Because water from the New River flows into the Kanawha River before flowing into the Ohio River, a dam failure could cause major flooding not only in Hinton, but also in downstream cities like Charleston and Point Pleasant. If the dam failed, the results would be catastrophic, with nearly 100,000 people at risk and an estimated $10 billion in damage, including flooding of more than 50,000 structures.
“This nation cannot take a failure of Bluestone Dam. The consequences are enormous,” Hurst told the Register Herald.
When it was completed in 1949 after five years of construction, the heavy concrete dam was designed to use its massive weight to resist pressure exerted by floodwaters. Constructed by the U.S. Army Corps of Engineers at a cost of $30 million, the gravity dam was part of a flood control system intended to reduce major flood damage along the New and Kanawha Rivers. When heavy rains hit, the Corps could opt to hold back water behind the dam to try to reduce flooding downstream. To date, the Corps estimates that the dam has prevented more than $5 billion in flood damage.
Although the dam has not changed significantly over the years, design standards and threat assessments have. The Dam Safety Assurance review and an Issue Evaluation Study showed that without additional improvements, “Bluestone does not meet current standards,” according to Peggy Noel, a public information officer of the Corps of Engineers Huntington District.
“When the dam was built in the 1940s, the ’state of the art’ assumed higher rock strengths. The new design standards have resulted in lower rock strength.”
New studies also indicate the possibility that a severe storm could result in more water behind the dam than expected in the 1940s, with the potential for major damage if the dam failed. As explained by Lisa Morgan, project manager, the Bluestone Dam was built when weather forecasting was not as advanced as it is now.
“Modeling was state-of-the-art for the time,” she said.
When the dam was planned in the late 1930s, engineers designed it to be able to safely contain runoff from the region’s worst storm on record, which at the time was a 1916 hurricane that dumped more than 13 inches of rain in 24 hours across much of the upper New River watershed.
“They used history to determine flood damage protection. The science of forecasting has improved since then.”
Because of the new technology — and due to the collapse and failure of other dams, the U.S. Army Corps of Engineers started a Dam Safety Assurance Program in the 1990s to ensure that dams built in the early part of the 20th century meet modern design standards and are capable of operating safely. They also increased potential for rainfall to 20 in., based on 50 years of weather observation and flood data, as well as “probably maximum precipitation” models developed by the National Weather Service.
The dam was revitalized in the 1980s and continues to undergo rigorous routine periodic inspections, performed on a fixed schedule. A routine inspection by a diverse group of experts in the late 1990s using modern techniques revealed potential problems, Morgan said.
“The strength and geography of 55 sections was evaluated: some don’t meet the standard. Various scenarios could see load exceed strength. We want to mitigate issues by bringing [the dam] up to the new standard, even though there’s a low probability of a big storm happening.”
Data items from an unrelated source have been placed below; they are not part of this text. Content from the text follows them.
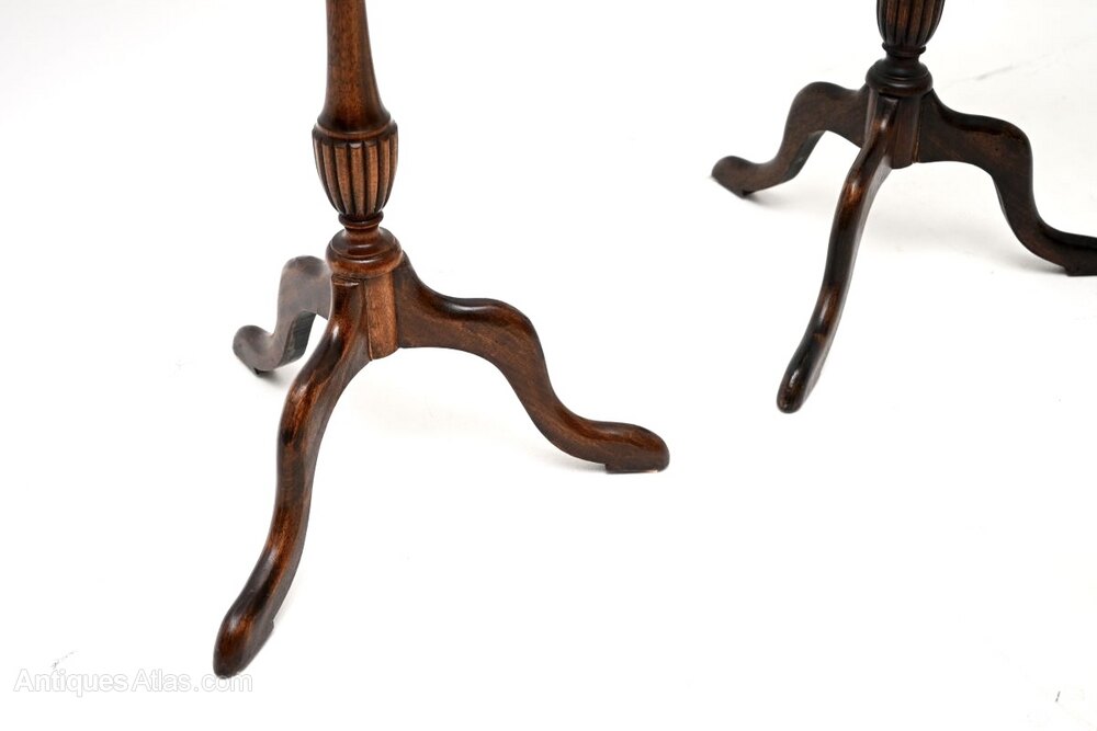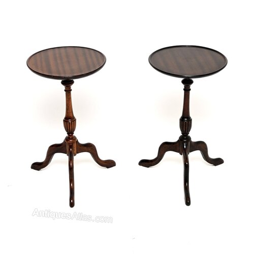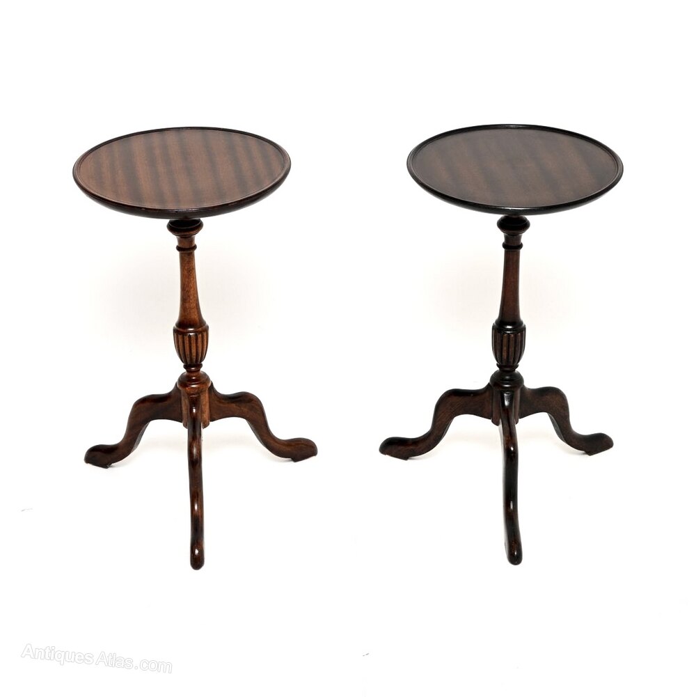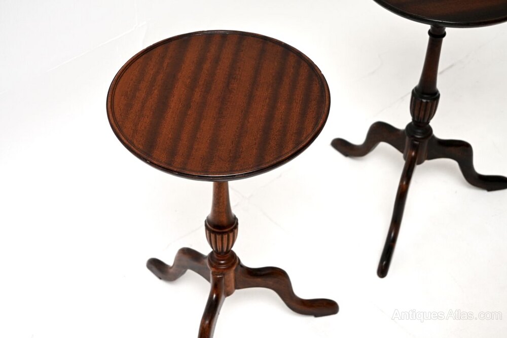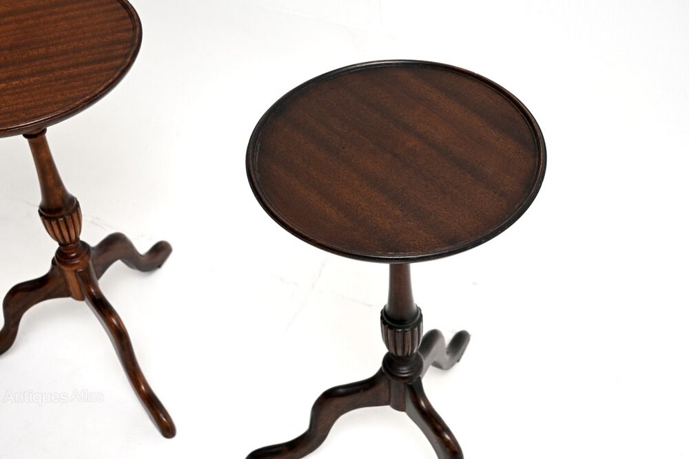 A smart and extremely well made pair of antique mahogany wine tables. They were made in England, they date from around the 1900-1920 period.They are of superb quality and are a very useful size. They are perfect for resting drinks and objects, they are petite and easy to move around. The circular tops stand on tripod bases, they are sturdy and sound.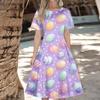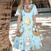 Женское повседневное модное платье с пасхальным принтом, круглое платье с коротким рукавом и талией, средней длины (с молнией)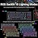 LED RGB Backlit Mechanical Gaming Keyboard 18 different preset RGB lighting modes plus 1 User programable mode 9 different colors 6 backlight brightness levels, breathing speed Precision engineered keycaps offering crystal clear uniform backlighting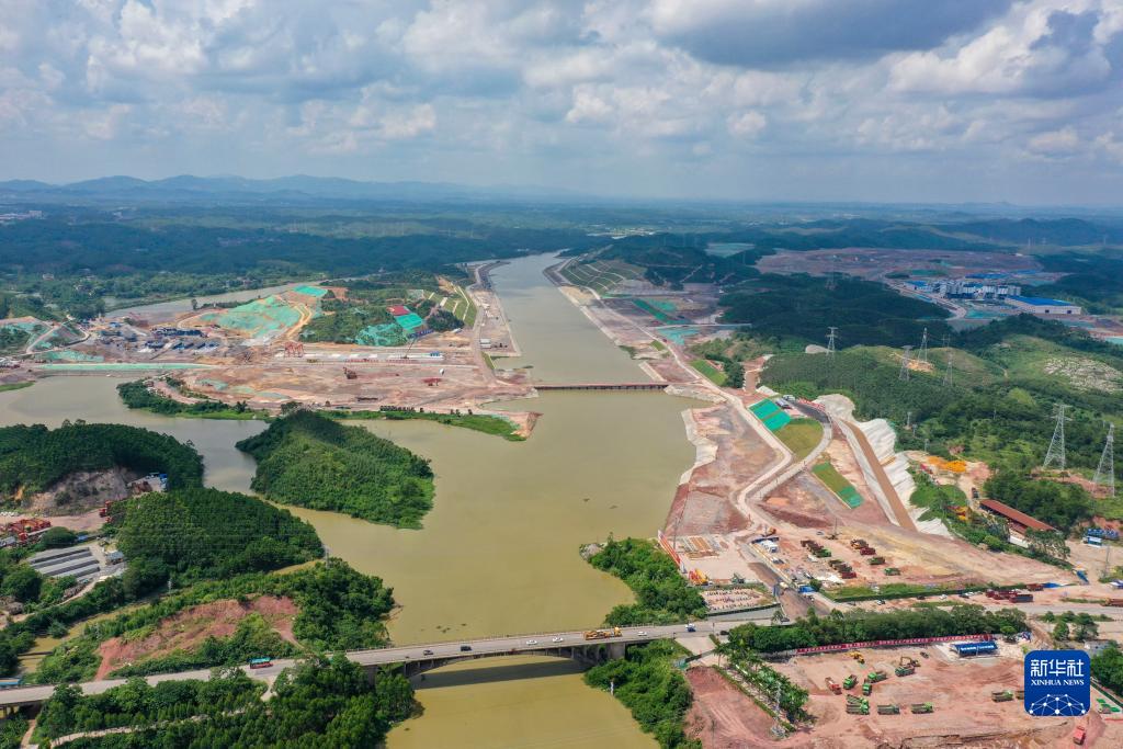 这是7月23日拍摄的建设中的平陆运河青年枢纽(无人机照片)。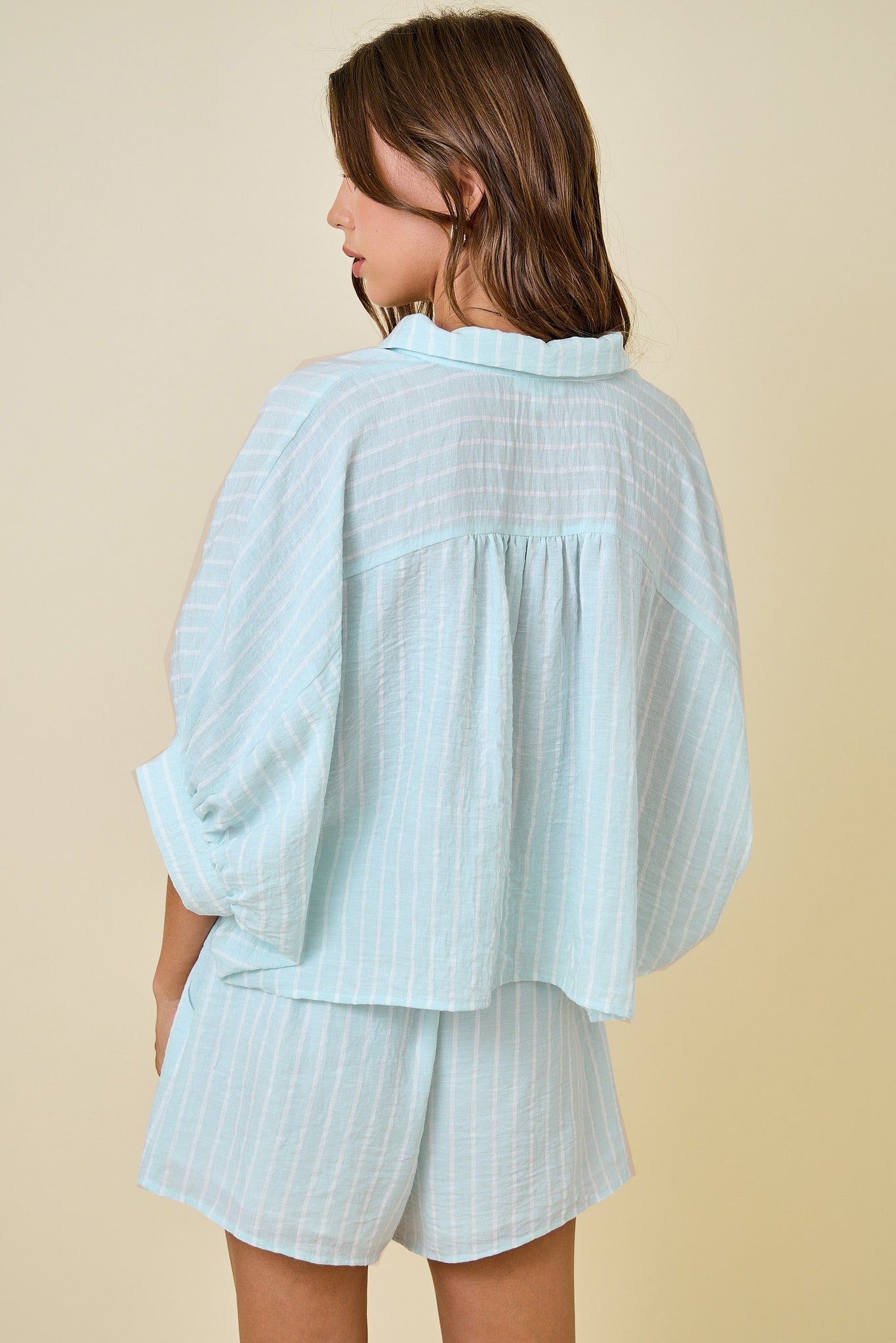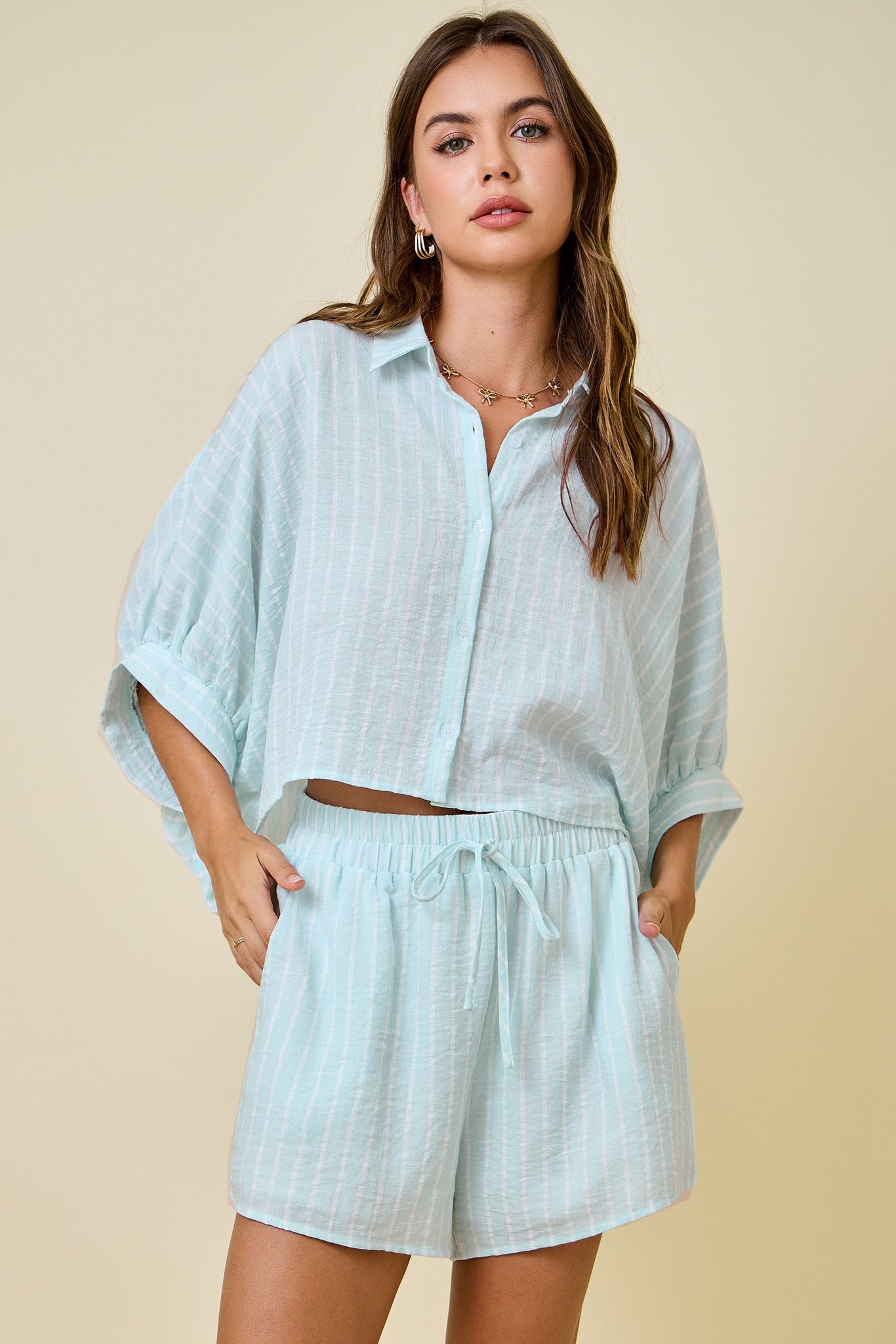 Striped Button Down Shirt And Matching Shorts Set

The Corps of Engineers determined that the dam should be raised 8 ft. (2.4 m) and that anchors should be installed to secure its base to bedrock. Because analyses made during the review indicated that the bedrock securing the dam might not be as strong as it was assumed to be when the dam was constructed, adding anchors is of critical importance.
Another recommendation is to convert the penstocks originally designed to accommodate hydropower generation (although never used for that purpose) to augment lake discharge during severe flooding.
Preparing for the Worst
Currently, the dam’s pool is at 1,406.5 ft. While there is room for some expansion, a significantly higher elevation could threaten the structure’s stability. Also of concern is the dam’s foundation. Bluestone has 55 monoliths — individual pieces that came together during construction. The rock underneath the dam could cause those monoliths to slide.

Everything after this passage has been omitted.